These efforts have bought the royal family much good will,
but they should not distract our political leaders from the
central concern of the Saudi 1-12 religious curriculum. This
is not the time for heaping unqualified praise on the aging
monarch for promoting ``knowledge-based education,''
``extending the hand of friendship to people of other
faiths,'' promoting ``principles of moderation tolerance, and
mutual respect,'' and the like (phrases with which our
diplomatic statements on Saudi Arabia are replete).
[[Page E2172]]
The State Department needs to begin regular and detail
reporting on the remaining objectionable and violent passages
in Saudi government textbooks and to press in a sustained
manner for the kingdom to keep its 2006 pledge to us
regarding textbook reform. As USCIRF recommends, the
administration should also lift the indefinite waiver of any
action pursuant to the designation of Saudi Arabia as a
``Country of Particular Concern'' under the International
Religious Freedom Act--the only ``CPC'' to receive an
indefinite waiver.
In one of the Wikileaks cables written earlier this year on
Saudi King Abdullah to Secretary Clinton, U.S. Ambassador
James Smith makes the following observation: ``Reflecting his
Bedouin roots, he judges his counterparts on the basis of
character, honesty, and trust. He expects commitments to be
respected and sees actions, not words, as the true test of
commitment. . . .''
Bedouin or not, we should start demanding the same from
him.
Remarks by R. James Woolsey, Former Director of the Central
Intelligence Agency
I met on several occasions with the late President of
Indonesia, Abdurrahman Wahid, after his Presidency but while
he was leading the world's largest libertarian Muslim
organization, Nandlatul Ulama. What a truly magnificent man
he was. Nandlatul Ulama's members, as is the case for the
vast majority of Indonesia's Muslims, espouse essentially the
Enlightenment's embrace of reason and in particular it's
separation of the spiritual and secular realms. Indonesia's
traditions in this regard harken back hundreds of years, and
this country that contains more Muslims than any other does
not call itself a Muslim nation.
There are hundreds of millions of such truly moderate
Muslims in the world, including a very substantial share of
those in the U.S. They should be regarded as our colleagues
and friends in trying to build a peaceful and prosperous
modern world. To use a very rough analogy to the Cold War
years, such truly moderate Muslims are something like the
Social Democrats and Democratic Socialists--George Orwell,
Helmut Schmidt--who were our colleagues in winning the Cold
War against a communist empire that called itself
``socialist'' but whose essence was totalitarian.

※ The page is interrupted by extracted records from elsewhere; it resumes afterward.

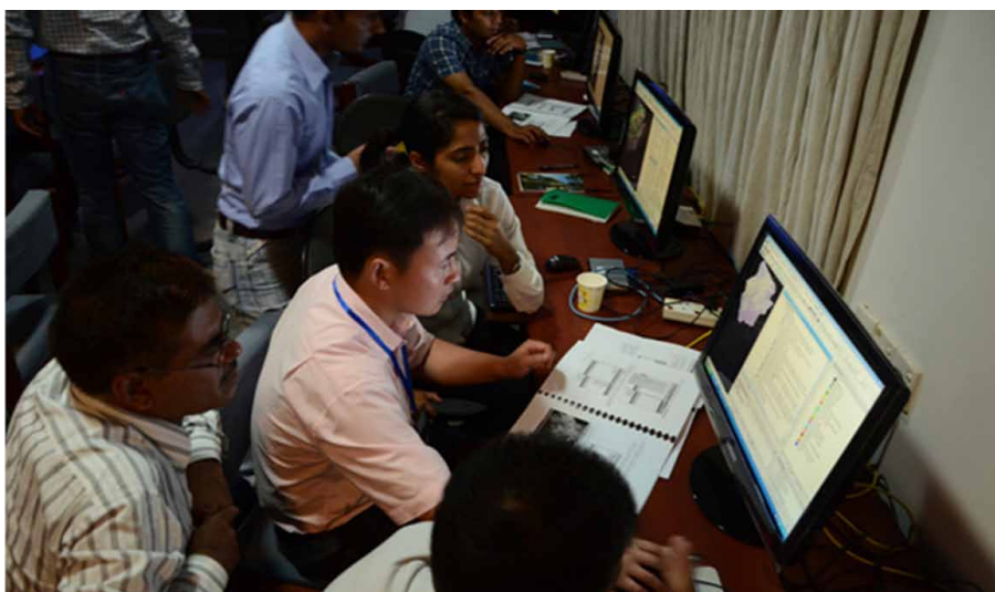
Participants experimenting with landslide detection/mapping algorithms

The participants furthermore learned about SERVIR-Himalaya, a NASA-backed mechanism for emergency response.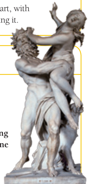
Hades kidnapping Persephone

f. Before dawn on the third day after death, the body was wrapped in a shroud and taken to the graveyard on a cart, with a procession following it.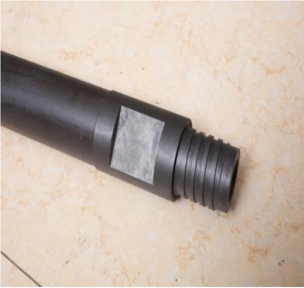
W SERIES CONVENTIONAL DRILL ROD DRILL ROD

Of course terrorists, whether Muslim or not, are not our
colleagues and friends but our enemies through and through,
just as were the communists' instruments of violence such as
the Spetznaz. But some have come to believe that in the world
of Islam today these two groupings--moderate Muslims and
terrorists--are the only ones that exist. Sadly such is not
the case.
During the Cold War there were non-violent totalitarians--
such as many members of the American Communist Party--who
fervently worked for the triumph of communism and the
establishment of a dictatorship of the proletariat but
utilizing non-violent means. So also today there are some
Muslim groups and individuals who work hard to replace our
Constitution with the totalitarian socio-political doctrine
that Islam calls shariah. Shariah has as its objective the
establishment of a world-wide caliphate--a theocratic
totalitarian state. Along the way to this objective adherence
to shariah entails accepting a set of doctrines that calls
for: death to apostates and homosexuals, brutal treatment of
women, rejection of democracy (and indeed all man-made law),
anti-semitism, and much else.
In order to bring about the caliphate--the complete
rejection of Article VI of the Constitution--it is not always
tactically wise to utilize violence, or violent jihad.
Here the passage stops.